Hi, how can I use the solid selection syntax to qu...
# announcements
r
Hi, how can I use the solid selection syntax to query for a solid inside a composite? I’ve tried
composite_name.solid_name
, but this doesn’t seem to work. I’m trying this through the Dagit playground, but I’d like it to run through
execute_pipeline
s
I believe this isn’t supported in the solid selection syntax today, but is planned to be supported soon. @sandy or @yuhan can confirm
r
@sandy, @yuhan Just following up on this - any update on when this should be available? It would be really helpful to be able to query solids inside composites - at the moment I’m not really able to use composites to organise the pipeline, because I need to execute a subset of each of them at run-time. It would also be great if the ancestor dependency analysis was sensitive to the internal dependencies of composites (e.g. if a composite has multiple outputs, with fairly independent paths through the composite, and I query the first output and it’s ancestors, that only the necessary parts of the composite are run, rather than the whole thing).
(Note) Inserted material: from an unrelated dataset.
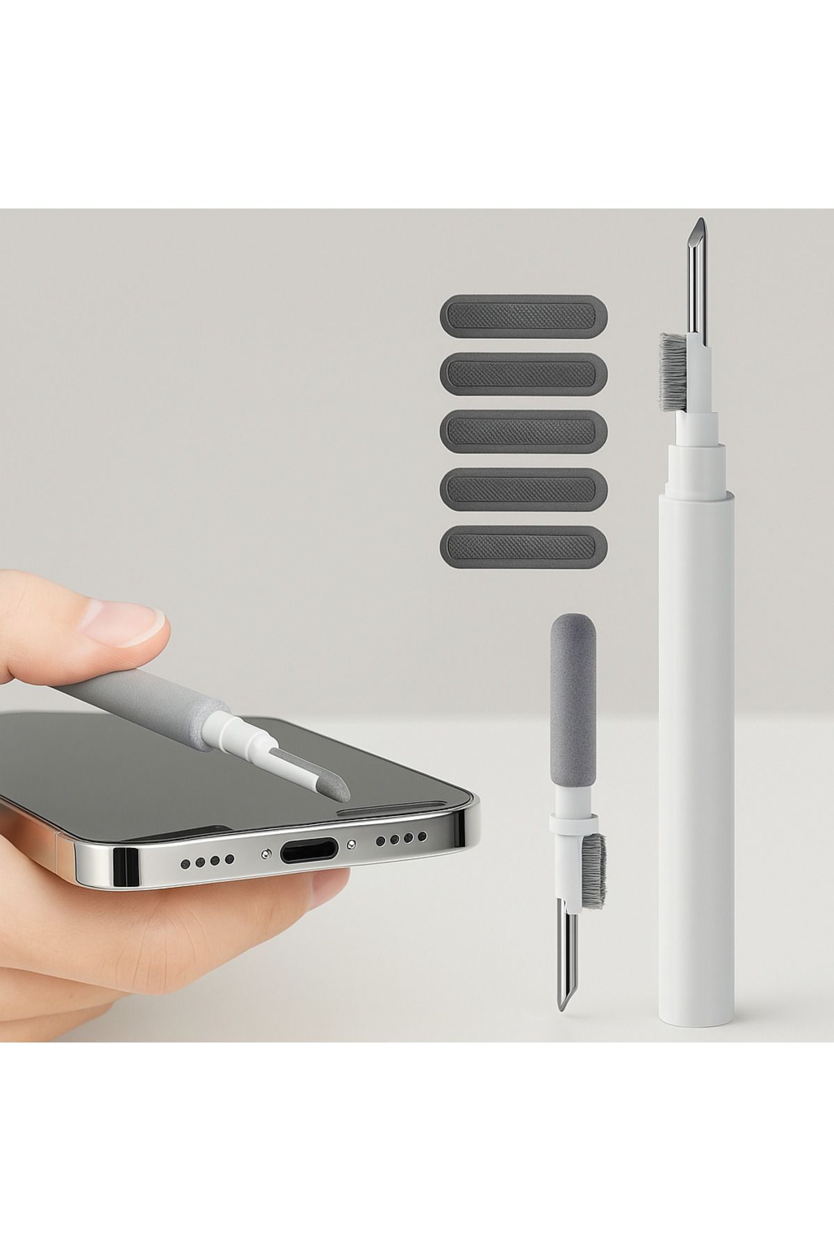 • Temizlik Aparatları: Mikro fırça ve ped ile hoparlör, şarj girişi, kamera kenarları gibi zor alanlara kolay temizlik.

Another suggestion (although maybe a big shift in design/thinking) for the selection syntax would be for it to possible to select Intermediates/Solid outputs/IO items. This would be akin to asking “I’d like this piece of data produced, please run all the necessary steps to create it”
s
Apologies for missing your earlier comment @Richard Fisher. Selecting subsets inside composites is a very reasonable request. @max started some work on it here a few months ago: https://dagster.phacility.com/D2879. Unfortunately, I believe it's in a bit of a limbo state, so I don't have a date for you on when it will be completed. I filed a github issue to track: https://github.com/dagster-io/dagster/issues/3557
r
@sandy, great, thanks 👍
s
The desire to execute everything upstream of particular intermediates makes a lot of sense to me. That said, I assume the syntax would look something like
*solid_name.output_name
, and we already support
*solid_name
. Are you imagining that those two would do something different. E.g. that we'd omit saving the other outputs of that solid?
r
The only case I can think of where I’d want different behaviour when querying
*solid_name.output_name
vs
*solid_name
is if the solid is a composite solid - then I would only want upstream dependents of
output_name
to be run (there may be a ‘sub-graph’ in the composite which produces other outputs of the composite - I wouldn’t want those solids to run). This is essentially the same use case as being able to query solids inside composites, although with a more friendly query syntax.
s
Ah, that makes sense